Bisa jadi, apa yang kita rasakan belum seberapa bila dibandingkan dengan apa yang dirasakan oleh para pendahulu kita.
Marilah kita sedikit mengingat apa yang Buya Hamka tuliskan dalam bukunya, “Di Bawah Lindungan Ka’bah.”
“Manakah yang besar penderitaan kita dengan penderitaan Nabi Adam?
Yang di dalam surga bersenang-senang dengan istrinya, lalu disuruh keluar.
Dan manakah yang susah penderitaan kita dengan penderitaan Nabi Nuh, yang menyeru umat kepada Islam, padahal anaknya sendiri tidak mau mengikuti?
Sehingga seketika disuruh Allah semua kerabatnya untuk naik perahu, anak itu tidak ikut. Malah ikut karam dengam orang banyak di dalam gulungan banjir.
Di hadapan matanya!
Dan kemudian datang pula vonis dari Allah bahwa anak itu tidak termasuk anggota keluarganya.
Pernahkah kita lihat cobaan serupa yang ditanggung Nabi Ibrahim?
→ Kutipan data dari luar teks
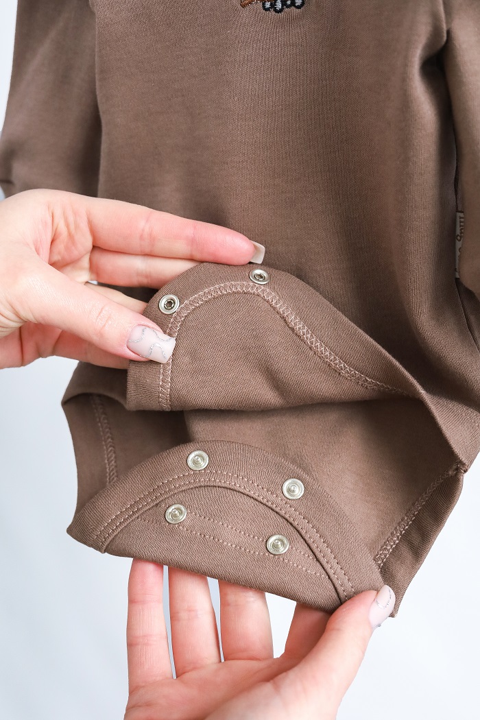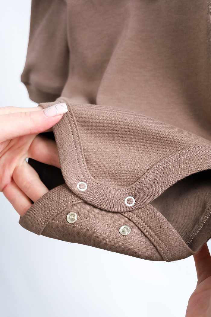 Пошит из 100% хлопка. Мягкий и приятный к телу, не вызывает аллергии. Кнопки не содержат токсичного никеля в составе.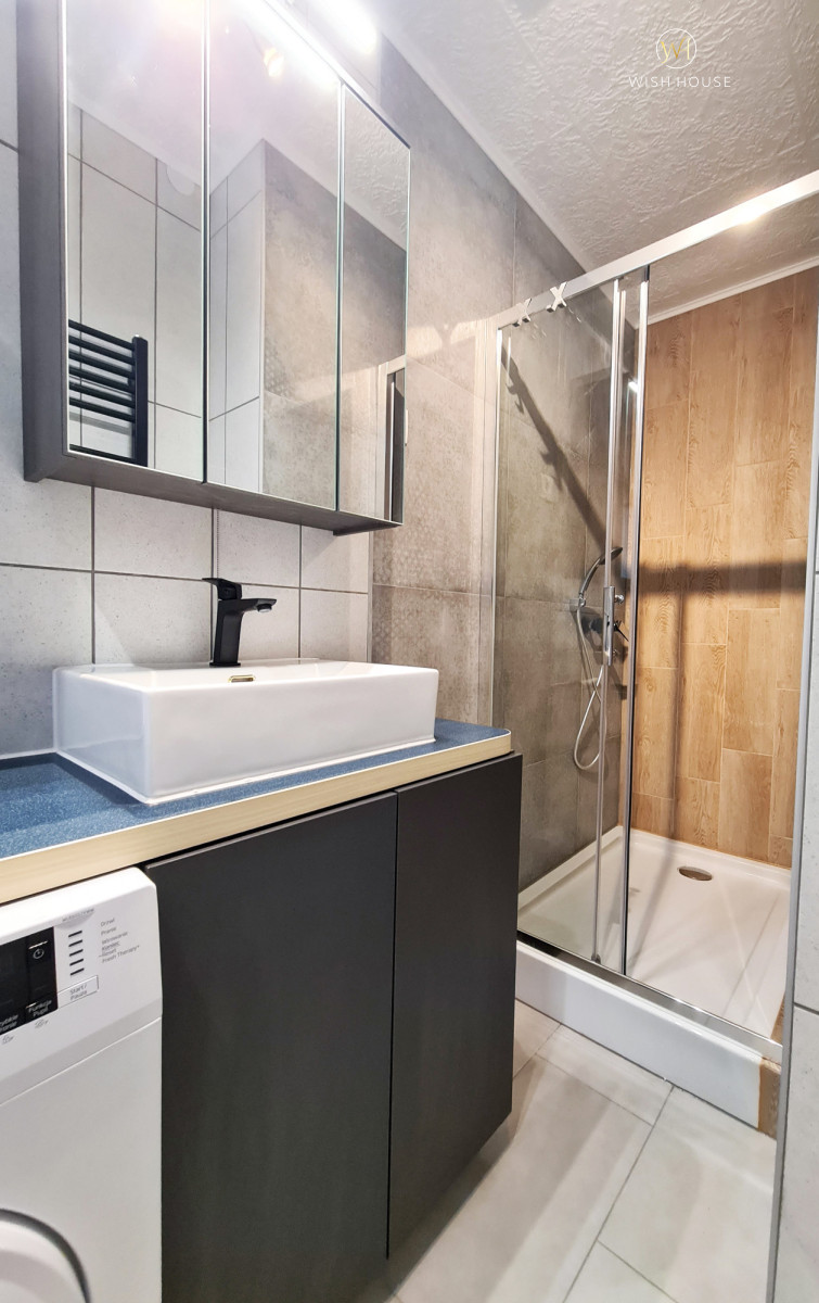 - łazienka z prysznicem, umywalką, WC i pralką.
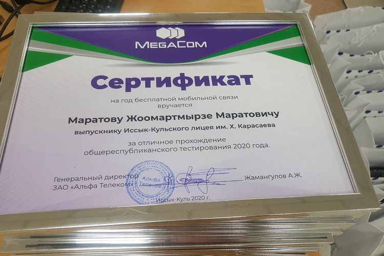 Руководство компании MegaCom поощрило ценными призами и подарками выпускников школ — обладателей золотых сертификатов, набравших наивысшие баллы по результатам Общереспубликанского тестирования 2020 года.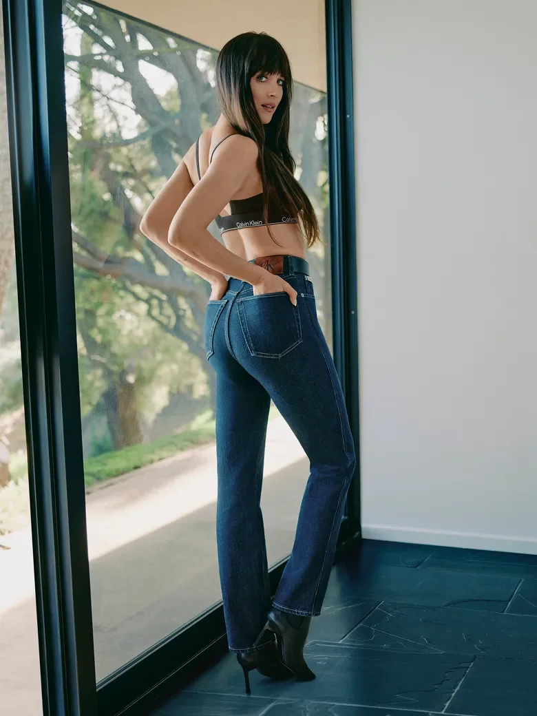 Her personal style reflects that same sensibility. Off duty, she gravitates toward relaxed tailoring, vintage denim, and pieces that appear lived-in rather than overly styled. The aesthetic aligns naturally with Calvin Klein’s design philosophy.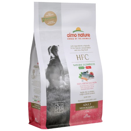 Crocchette per cani adulti di taglia media e grande (oltre 10 kg. di peso). La linea HFC è la nuova gamma delle crocchette Almo Nature che assicura qualità e trasparenza fin dall’etichetta con una breve lista di ingredienti immediatamente comprensibile. HFC garantisce un pasto appetibile e nutriente grazie alla presenza di carne fresca.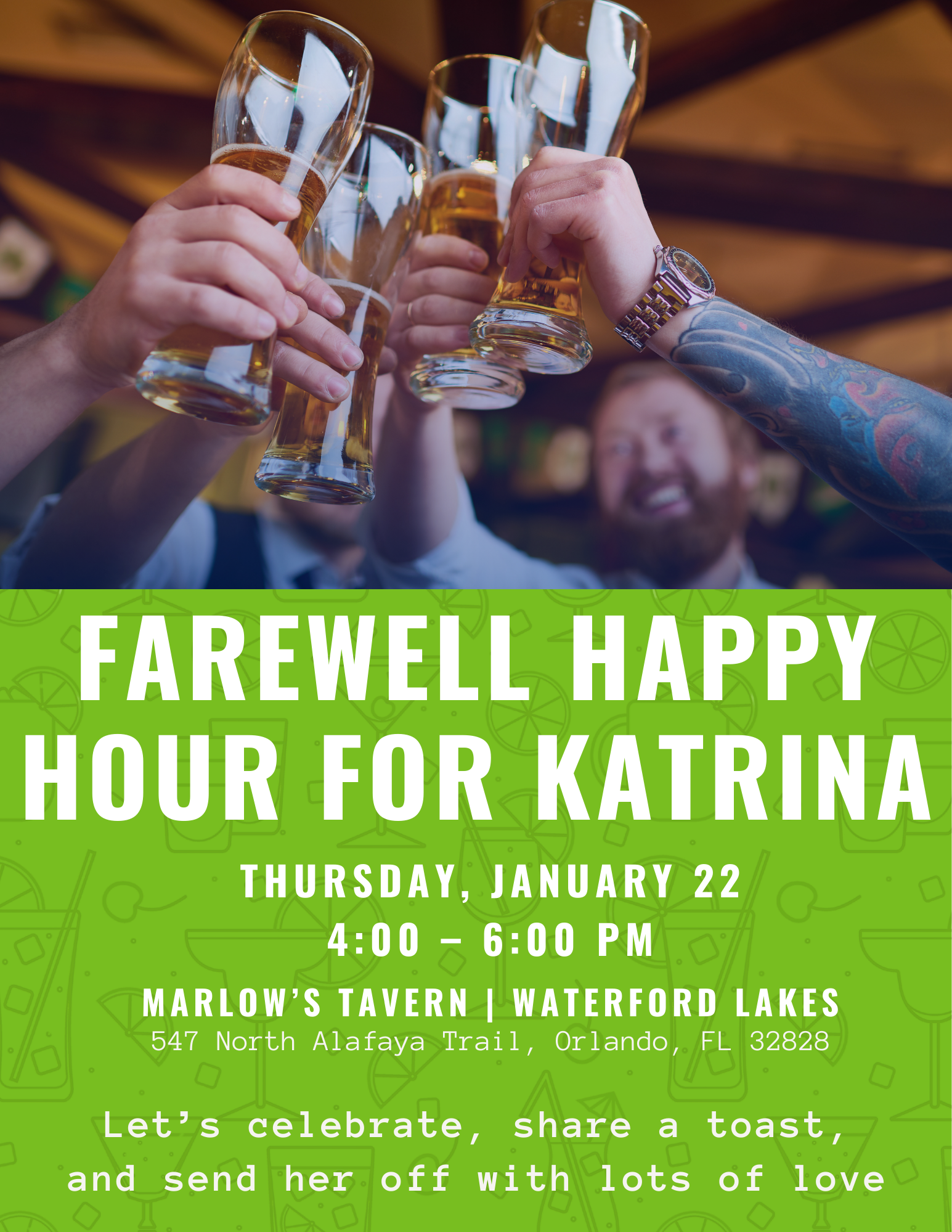 Join us to wish Katrina Claydon a fond farewell as she takes the next steps in her professional journey. Sha has bee a solid staple for the Chamber ov the last year and we cant than her enough for the contributions, support and drive she has contributed to the Chamber's success. Please plan to join us for a happy hour toast to see her off and wish her best wishes on Thursday, January 22 from 4-6pm at Marlow's Tavern Waterford Lakes.

Disuruh menyembelih anak untuk ujian, ke manakah dia lebih cinta, kepada Tuhannyakah atau kepada anaknya.
Nabi Ya’kub dipisahkan dari Nabi Yusuf; putra kesayangannya.
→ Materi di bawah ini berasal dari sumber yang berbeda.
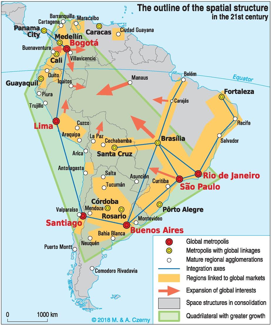 A model of islands of development as regards peripheral regions, which was inherited from colonial times, is giving way to a nodal/linear model, also as a result of centrifugal forces and the clear dynamic characterizing economic growth in the Latin American states since the beginning of the 21st century.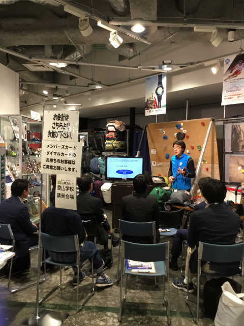 登山学校終了後には、実際に売り場でも質問を受け付けていました。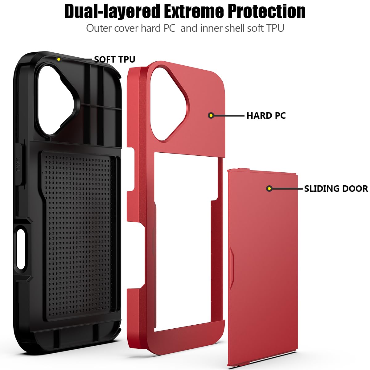 Dual-layered Extreme Protection: Outer cover hard PC and inner shell soft TPU,deflects shocks and absorbs impacts.Lifted edges at camera and screen of the case,defend your device from daily adventures, you can keep your phone face down as well.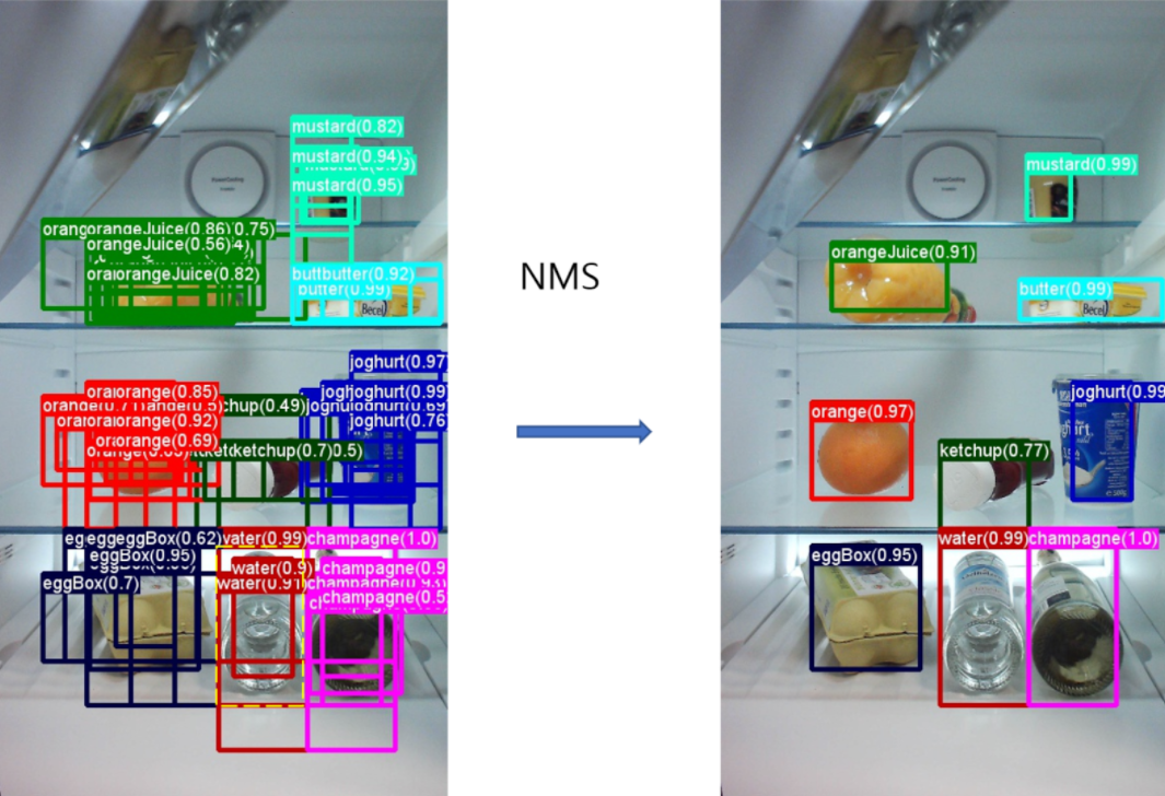 3. 출력된 데이터 중 어떤 데이터가 실제 물체를 인식했는지 확인하기 위해 IOU값을 사용한다. ( NMS알고리즘 사용) 주변의 데이터들과 비교했을 때 최대값인 데이터만 추출한다.

Lalu, Nabi Yusuf diperdayakan oleh seorang perempuan.
Nabi Ayyub ditimpa penyakit yang parah selama bertahun-tahun.
Nabi Daud dan Nabi Sulaiman kena bermacam-macam fitnah. Demikian juga Nabi Zakaria dan Nabi Yahya. Yang memberikan jiwa mereka untuk korban keyakinan.
Nabi Isa pun demikian pula. Rasulullah Muhammad lebih-lebih lagi.
Pernahkah mereka mengeluh?
Tidak, karena mereka yakin bahwa kepercayaan kepada Allah menghendaki perjuangan dan keteguhan. Mereka tidak menuntut kemenangan lahir. Sebab mereka menang terus.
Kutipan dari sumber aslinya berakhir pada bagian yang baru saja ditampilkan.